Pour le premier rendez-vous officiel de son voyage, et son premier discours public, le Pape était entouré de chefs autochtones qui avaient convergé de toutes les provinces. Lors de cette cérémonie, ces derniers ont fait une entrée remarquée dans leurs habits traditionnels d’apparat, au son de chants traditionnels vibrants.
Après le déploiement d’une longue banderole rouge portant les noms de 4.120 enfants morts dans des écoles résidentielles, le pape a pris la parole en demandant pardon, avec "honte et clarté", pour "le mal commis par de nombreux chrétiens contre les peuples autochtones". Il a aussi présenté ses excuses "pour la manière dont de nombreux membres de l'Église et des communautés religieuses ont coopéré, même à travers l’indifférence, à ces projets de destruction culturelle et d'assimilation forcée des gouvernements de l'époque, qui ont abouti au système des écoles résidentielles". Lors de cette première étape, le Pape a expliqué avoir voulu faire place à la "mémoire" et au "silence".
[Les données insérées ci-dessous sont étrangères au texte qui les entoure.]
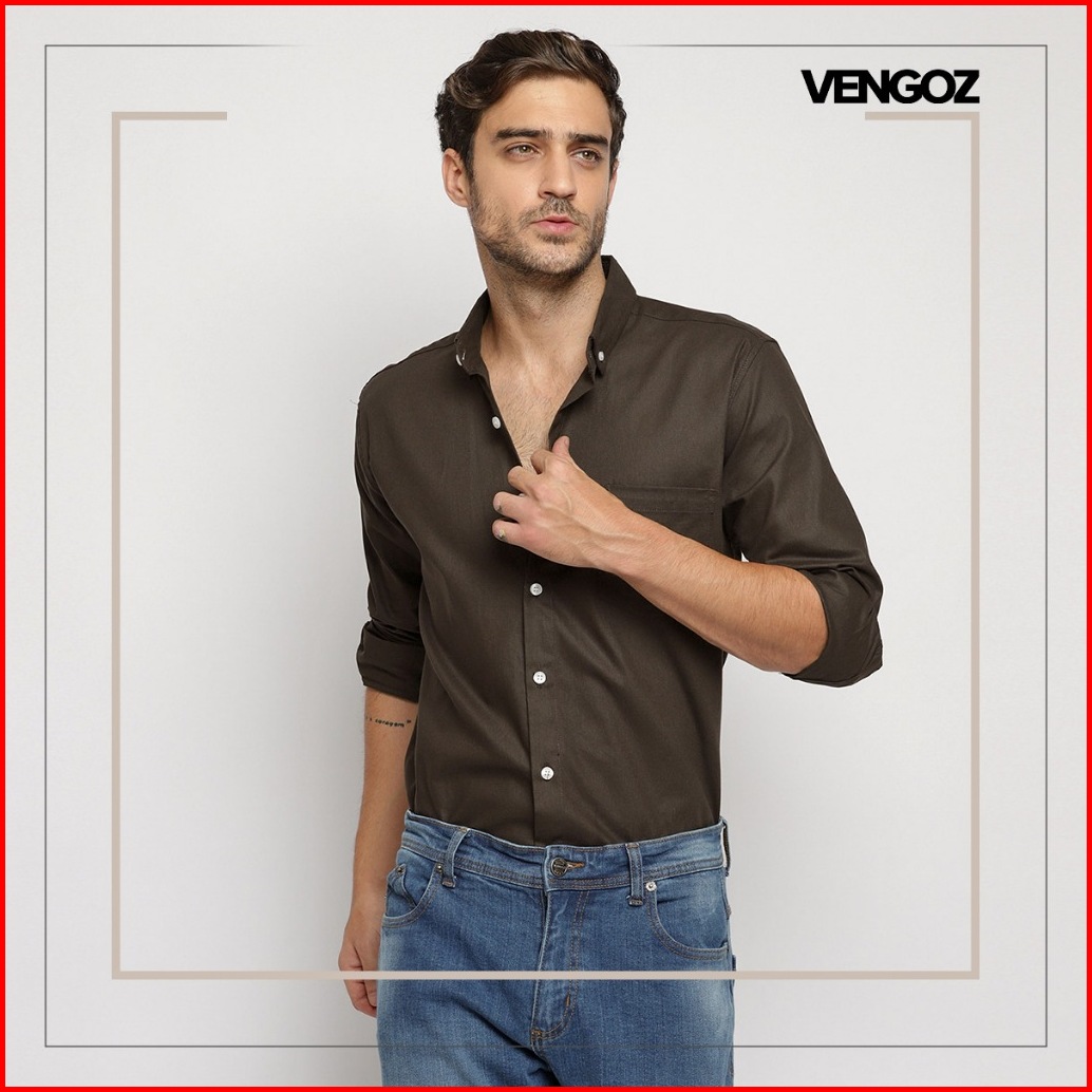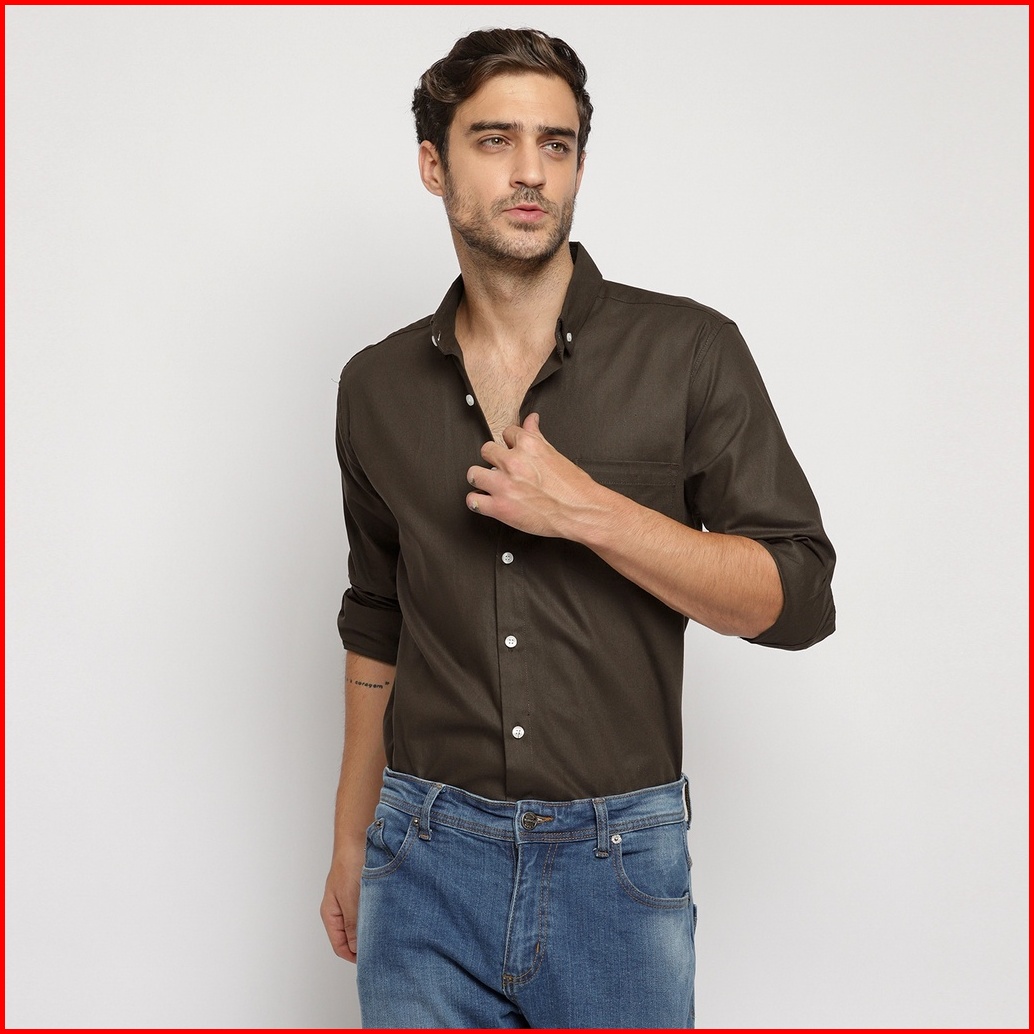 Vengoz Kemeja Pria Oxford Premium Slim Fit - Hickory Brown

Comme il l’avait promis en recevant des délégations autochtones au Vatican en mars dernier, le pape a annoncé être venu avec les deux paires de mocassins qui lui avaient été confiées en "signe de la souffrance endurée par les enfants autochtones, surtout par ceux qui, malheureusement, ne revinrent jamais des écoles résidentielles à la maison". Ce symbole, a-t-il alors confié, "a ravivé en moi la douleur, l'indignation et la honte durant ces derniers mois".
Devant les caméras, sur le podium installé sous la tonnelle circulaire, dans un geste empreint de gravité et de respect, François a remis les mocassins, enveloppés de tissu, à Marie-Anne Day Walker-Pelletier, ancien chef de la première nation okanese Saskatchewan. L’image a été accueillie par des applaudissements nourris dans l’assemblée.
Marcher ensemble, prier ensemble, travailler ensemble, pour que les souffrances du passé cèdent la place à un avenir de justice, de guérison et de réconciliation.
"Ces mocassins, a également dit le pape François, nous parlent aussi d'un cheminement, d'un parcours que nous désirons parcourir ensemble. Marcher ensemble, prier ensemble, travailler ensemble, pour que les souffrances du passé cèdent la place à un avenir de justice, de guérison et de réconciliation."
Le vœu du chef de l’Église catholique était partagé par beaucoup, venus plein d’espoir à cette rencontre. Certains n’ont pas hésité à faire plusieurs jours de voyage pour rejoindre ces plaines vertes reculées que le pape a choisi de visiter.